In contrast, when UNQLpc 10 was incubated in synthetic wine with 14% v/v ethanol, cells were not able to survive during fermentation, with a decrease of ~3–4 log CFU/mL. However, cells were able to consume malic acid in high percentage, being significantly higher when the culture was previously acclimated (97.12%) than when it was not previously acclimated (84.10%) (Table 2).

4. Discussion

Lactobacillus paracasei belongs to the L. casei group and is found in diverse niches [38] including food (raw or fermented), plants [39], birds [40], and the gut of mammals [41], including human gut of healthy adults and of breast-fed infants [42,43]. The advance in molecular techniques and their application in winemaking has allowed for the identification of this species as part of the wine microbiota [2].

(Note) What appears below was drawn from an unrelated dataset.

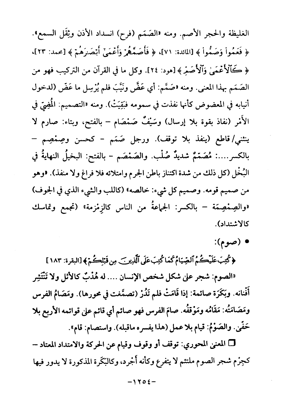 "الصوم: شجر على شكل شخص الإنسان. . . له هُدْبٌ كالأثل ولا تَنْتَشِر أَفْنانه. وبَكَرَة صائمة: إذا قَامَت فلم تَدُرْ (تصمَّغت في محورها). ومَصَامُ الفرس ومَصَامَتُه: مَقَامُه ومَوقفُه. صامَ الفرس فهو صائم أي قائم على قوائمه الأربع بلا حَفًى. والصَوْمُ: قيام بلا عمل (هذا يفسره ما قبله). واستصام: قام ".

Previous studies in our laboratory have shown that LAB isolates of Lpb. plantarum and O. oeni are able to carry out MLF in synthetic and Patagonian wines. In this study, we analyzed a LAB of the species Lcb. paracasei, not typically used as malolactic starter in winemaking.

In addition, we analyzed its genome architecture. The description of the genes present in it allowed us to know their possible functions in the strain, characterize, in depth, the technological and oenological potential of the strain, and provide information on possible interactions in the fermentation ecosystem.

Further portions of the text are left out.